The six models trained with our dataset were evaluated by ten-fold cross-validation. In this process, the optimal number of features was also determined by the area under the receiver operating characteristic curve (AUC). Because the dataset was biased to nontoxic compounds, we also calculated the MCC that is an accuracy measure for unbalanced datasets. After the cross-validation and feature number optimization, the best model was determined. This model was further evaluated with ten drug compounds that were not included in the training dataset and were tested in vivo on guinea pigs to assess the applicability of our model developed using in vitro data to in vivo toxicity. The performance of our model was compared with other hERG prediction tools, the Pred-hERG 4.1 [6] and OCHEM Predictor [33].

Results and discussion

Model construction

Correlation coefficients between the features and toxicity were calculated and the top-ranked features were used to train models. The top 20 features are listed in Table 1. Computational hERG prediction models were trained using six different machine learning algorithms with a different number of top features. The six algorithms were linear regression, ridge regression, logistic regression, artificial neural network, naïve Bayes, and random forest. Their ten-fold cross-validation results and respective optimal feature numbers are shown in Fig. 1 and Table 2. Of the six models, those developed based on the neural network (AUC = 0.764, feature = 1400), ridge regression (AUC = 0.774, feature = 400), and logistic regression (AUC = 0.764, feature = 350) showed better performances than those of the other models. Because the performances of the three models were comparable, they were further optimized to determine the best model.

Table 1 Top 20 features with a high correlation
Fig. 1

AUC with respect to feature number: AUC values of the six models were measured by a ten-fold cross-validation with respect to feature number

Table 2 Performance (AUC) results of six machine learning methods

Model optimization

To select the best model, we optimized the threshold values of the three selected models, which discriminated toxic and nontoxic groups. The best threshold values that showed the highest MCC are listed in Table 3. MCC is an accuracy measure for highly unbalanced datasets. Of the three models, the neural network model showed the best performance, with an accuracy of 90.1%, an MCC of 0.368, and a positive predictive value (PPV) of 0.542 after threshold optimization.

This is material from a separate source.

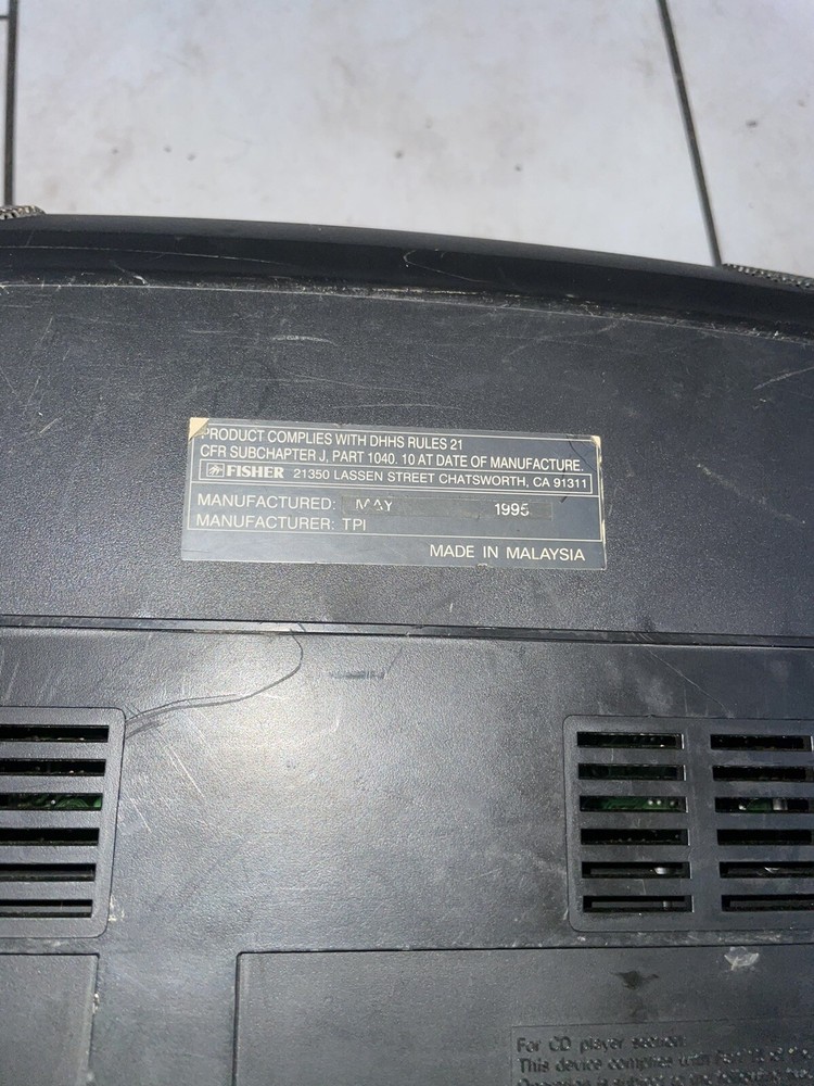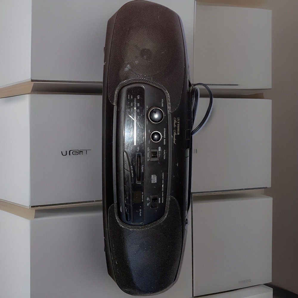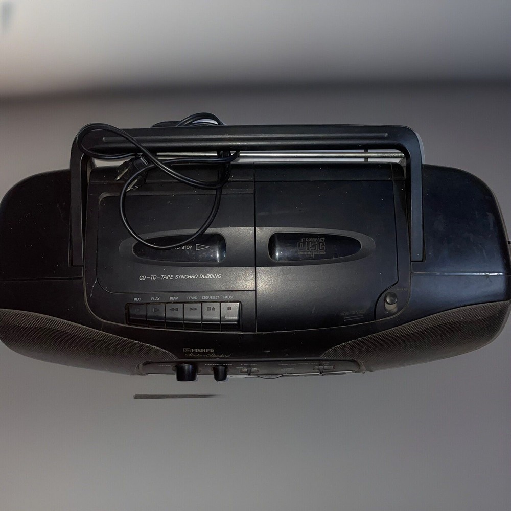 Vintage AM/FM Stereo Cassette Boombox - Fisher Studio Standard Model PH-DS50. Used vintage condition with visible signs of age and use. Nothing is broken, but it does have some scratches, discolorations and spots of dust. Cassette, radio and CD works. Recording functionality was not tested. AC power cord included. Battery compartment is clean. Tested with AC power cord only. Please see actual photos

The low sensitivity and high specificity of the neural network model were due to its high threshold value, but the high threshold improved its performance expressed as MCC. Consequently, the toxicity prediction model based on the neural network was selected for further evaluation.

Table 3 Performance results of the top three models with optimized thresholds

Test of the constructed model on in vivo data

The optimized model was further tested on ten known drug molecules, whose cardiotoxicities were measured in vivo using guinea pigs. In vitro experiments are simpler and less expensive than in vivo experiments, hence, they can be carried out at a larger scale. However, owing to the complex physiology of in vivo systems, in vitro experimental results are often inconsistent with in vivo results. Thus, we further evaluated the applicability of our model that was trained using in vitro data to the in vivo toxicity. The prediction results of the test compounds are shown in Tables 4 and 5. Our model showed an overall accuracy of 80.0%, an MCC of 0.655, a sensitivity of 0.600, a specificity of 1.000, and a PPV of 1.000. This high performance indicates that our model could also be utilized to predict in vivo cardiotoxicity.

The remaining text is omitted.